La France n’extradera plus les criminels présumés vers le Royaume-Uni depuis le Brexit – The Local France

La décision a été révélée dans une correspondance adressée à la Chambre des lords du Royaume-Uni, qui a déclaré que la Croatie, la Finlande, la France, l’Allemagne, la Grèce, la Lettonie, la Pologne, la Slovaquie, la Slovénie et la Suède «invoqueraient les règles constitutionnelles comme raison de ne pas extrader les leurs. ressortissants du Royaume-Uni ».
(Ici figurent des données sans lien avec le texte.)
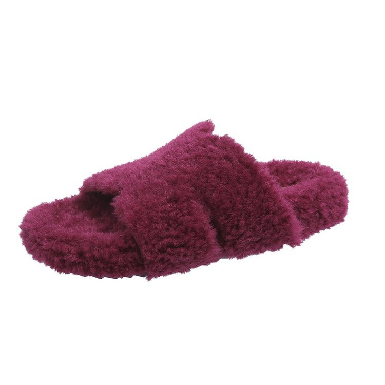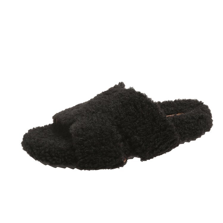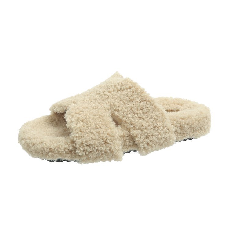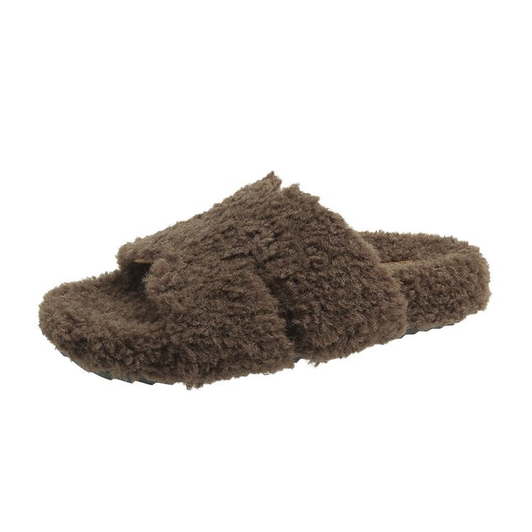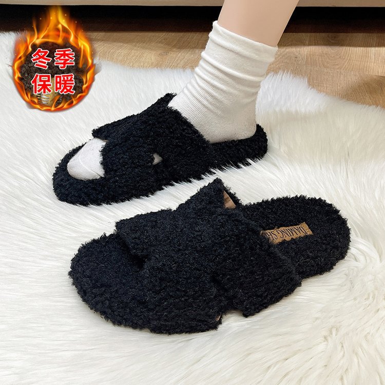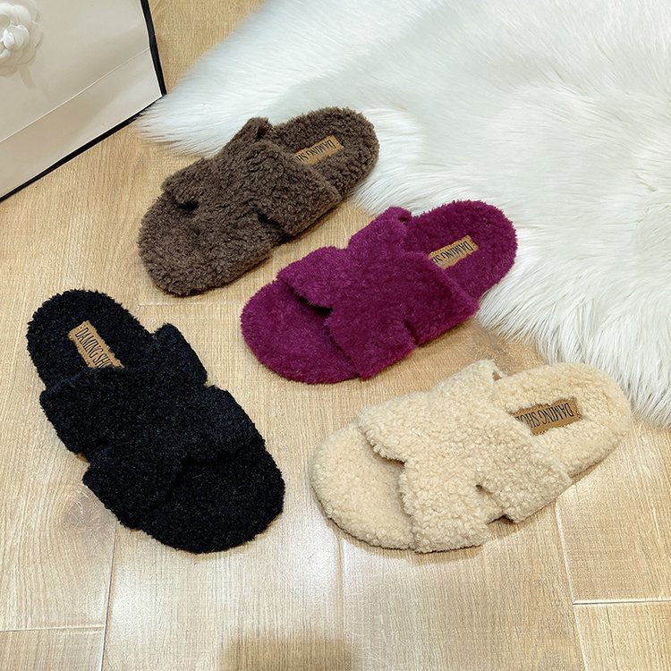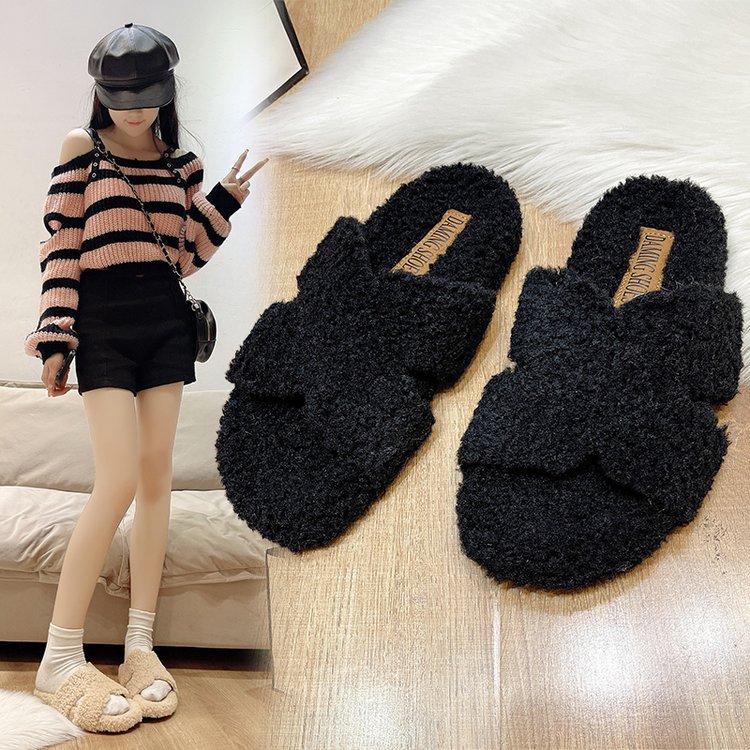 유행 짧은 벨벳 모피 슬리퍼 여성 외부 착용 2024 새로운 가을과 겨울 유행 플랫 홈 따뜻한 면 슬리퍼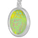 I chose gold plated so that the metal would not react with my skin oils and perspiration. But, I changed the necklace from the gold plated one to a sterling silver. My skin cells will tarnish the silver. But it will not look as bad if some portion of the gold plated necklace somehow became compromised. Zazzle did a find job turning the picture into a pendant for me. As you can see, the colors and the printing of the final product, match the preview. The picture I took is not very clear. But I am pleased with the product I received.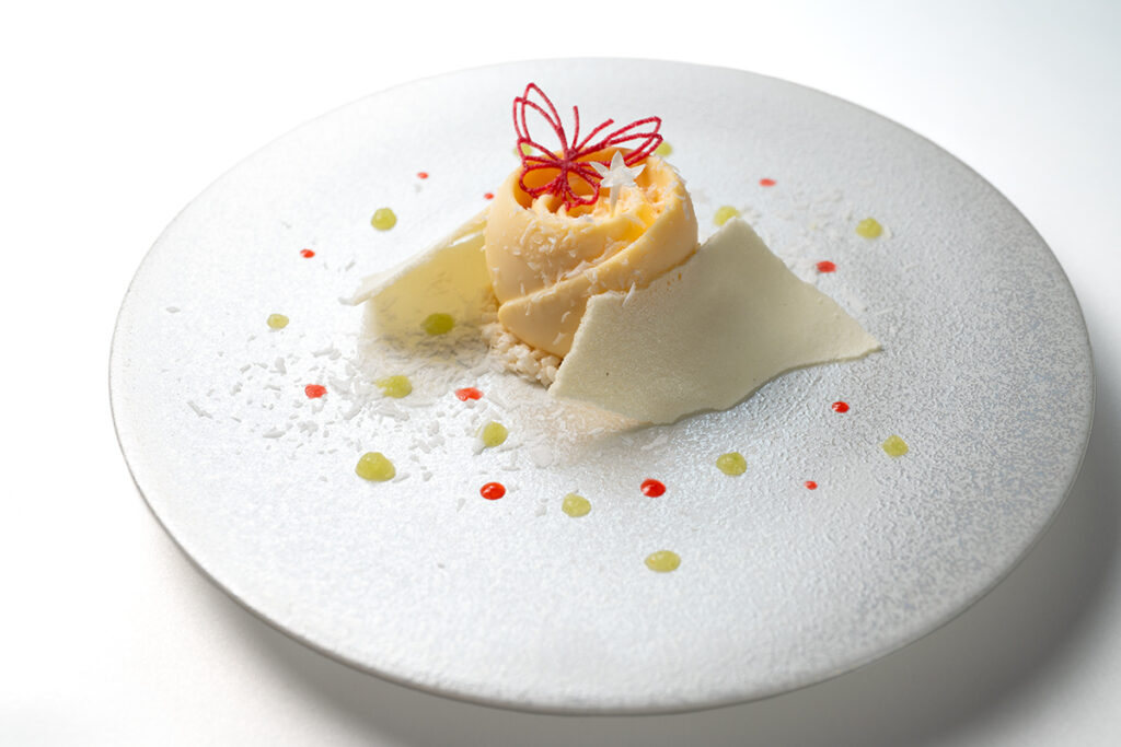 イチゴムースをホワイトチョコレートムースで包み、ホワイトチョコレートのメレンゲとライムソースでまとめたデザート。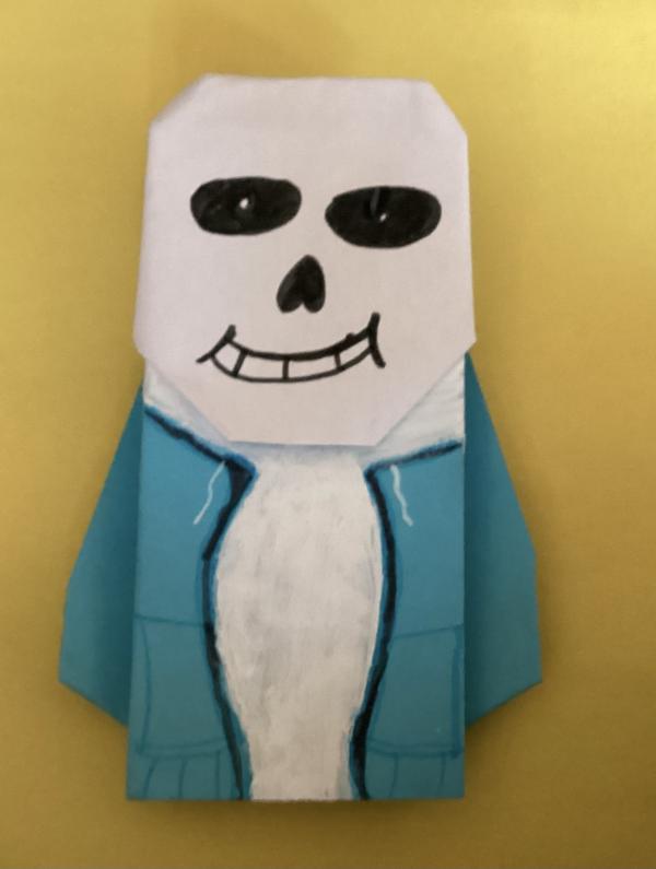 SOO uhh…. This is for the Halloween showcase, and this has to be my 2d best origami I have created (at least in my opinion), and he looks amazing, and I’d challenge you Tom to make an origami Sans Undertale, it doesn’t have to be perfect, but since you make like 300+ origami, this will be perfect (unless you’re already made a Sans origami a long time back, which you probably did.)

Le texte ajoute que l’Autriche et la République tchèque n’extraderont leurs propres ressortissants vers la Grande-Bretagne qu’avec leur consentement.

Cette décision de la France semble s’appliquer uniquement aux ressortissants français, et non aux ressortissants étrangers vivant ou séjournant en France, mais depuis que le Royaume-Uni s’est retiré du système du mandat d’arrêt européen, le mécanisme en place pour envoyer les personnes soupçonnées d’un crime au Royaume-Uni n’est pas certain.

Richard Martin, de l’association britannique des chefs de la police, avait précédemment déclaré à la commission des affaires intérieures que lorsque les pays refusent d’extrader des suspects, la police a deux choix: «Premièrement, nous travaillons avec le Crown Prosecution Service et décidons si cela est dans l’intérêt public. d’essayer de poursuivre ces personnes dans leur pays d’origine.

«La seconde est que nous les diffusons de toute façon sur Interpol parce que dès qu’ils entrent dans un autre pays, ils sont équitables, nous pouvons donc les arrêter dans ce pays et les ramener.»

Introduit en 2004, le mandat d’arrêt européen oblige tout État membre de l’UE à envoyer un suspect dans le pays qui a émis le mandat d’arrêt ou à faire exécuter une peine d’emprisonnement. Le mandat ne peut être utilisé que dans les cas où la peine minimale est de plus d’un an de prison.

Le Royaume-Uni s’était déjà retiré d’un système européen de partage de données pour les infractions au code de la route, ce qui signifie que les Britanniques pris par des radars en France ne se verront plus envoyer d’amendes à leur domicile – et il en va de même pour les voitures immatriculées dans l’UE dans le pays. ROYAUME-UNI.

Le ministère français de l’Intérieur a annoncé son intention de négocier un nouvel accord bilatéral avec le Royaume-Uni sur le sujet des conducteurs, un porte-parole ayant déclaré précédemment à The Local: «Le but de la directive est de mettre fin à l’impunité des automobilistes qui commettent des délits en un État membre autre que celui de leur résidence, afin d’améliorer la sécurité routière dans toute l’UE et de garantir l’égalité de traitement entre les conducteurs, qu’ils soient résidents ou non de l’État membre où l’infraction a été commise.

«Grâce à ce système d’échange, les États membres peuvent identifier les propriétaires de véhicules avec lesquels l’infraction a été commise sur leur territoire et leur envoyer des notifications d’infractions.»